1 minute read
Building your brand
AS A PARENT OF a middle school girl—and former middle school girl myself—I am well aware of the seeming importance of brands and fashion. I forgot how expensive said brands and clothing items are, however. I also forgot that off brands are not acceptable replacements in most cases.
I remember in middle school when the coveted Nike style shoes of 1992 were all the rage but I was only allowed to get a pair of LA Gears. It’s amazing I survived adolescence at all.
Yes, the conversation of brand-name clothing for our kids is rooted heavily in privilege. Many families can only dream of brand-NEW much less brand-name clothing. Nonetheless, it seems to me that looking a certain way that aligns with the developing personal brand seems to be as important as it was in the ‘90s.
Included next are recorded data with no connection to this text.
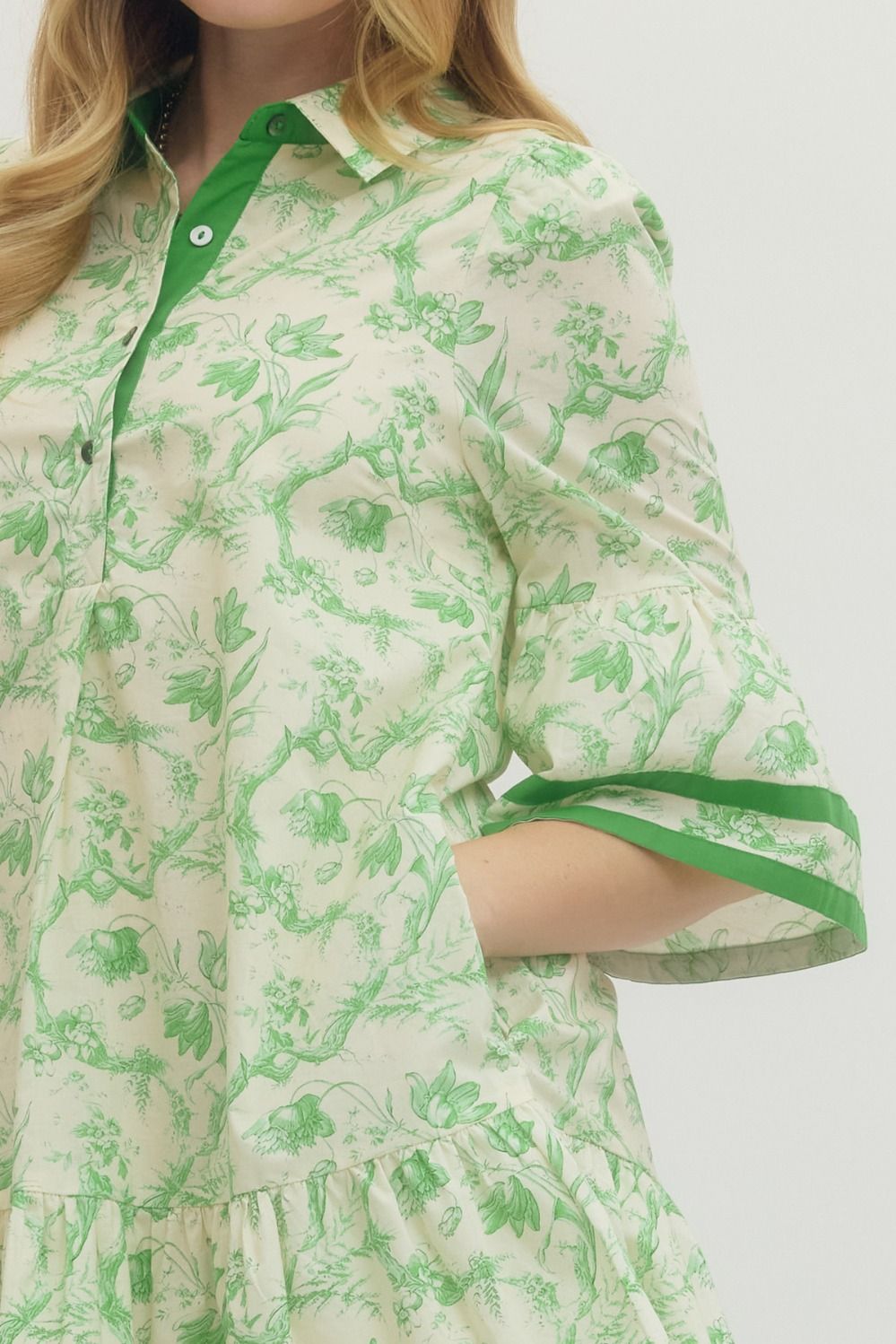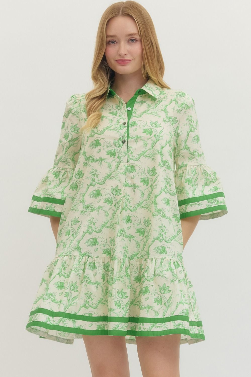 This refined toile print dress, designed for effortless sophistication. The three-quarter sleeves and contrast binding at the neckline, cuffs, and hem create a polished silhouette, while the front button closure adds vintage-inspired charm. Practical side pockets and a fully lined interior ensure both style and comfort. Perfect for transitional seasons and versatile enough to dress up or down.
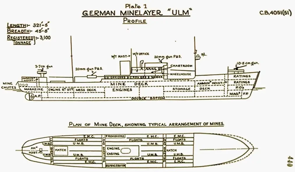 В то же время надводных минных заградителей специальной постройки в Кригсмарине не было, и пришлось переоборудовать для этой цели паромы и другие торговые суда. Одним из таких минзагов стал «Ульм» (“Ulm”).
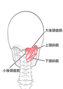 そうなると出てくるのが、頭の付け根にある「後頭下筋群」の血流不足に伴って起こる眼精疲労や首こりです

Plus, the styles seem as ridiculous as they always have been. Kids walk around wearing tall socks with their Crocs feeling like fashion royalty while we parents wrinkle our noses. THAT’S what’s cool? Ha.
I think it’s developmentally important for kids to feel uncomfortable and to learn how to cope with that discomfort. A few wellplaced name-brand items can ease the rocky social path of adolescence. Being teased is part of life and we need to be able to handle it. But where do we draw the line between teasing and bullying?
The No. 1 job of an adolescent is to develop an identity among his or their peers. Brand names or stylish clothes in a general sense—when not used as a social crutch—can certainly provide a foundation on which kids can build feelings of normalcy.
Wearing brand-name clothing is important to lots of teens and giving into buying a few unreasonably-priced items in a popular brand can help your kid feel at ease and part of the group. They can get lots of “social cred” without breaking your bank on an entire wardrobe of brand names. Does identity and being included come from what we wear? Of course not. But when we’re 13 years old, it’s a part of that concept whether we like it or not. It seems like a pretty easy shortcut to acceptance that only helps create a foundation for the REAL ways we build our identities and social circles: personality, values, senses of humor and more.
I don’t want my kid to build her identity and image around what she wears, but the reality is that life does, in fact, demand a certain outfit sometimes. Why pretend it doesn’t?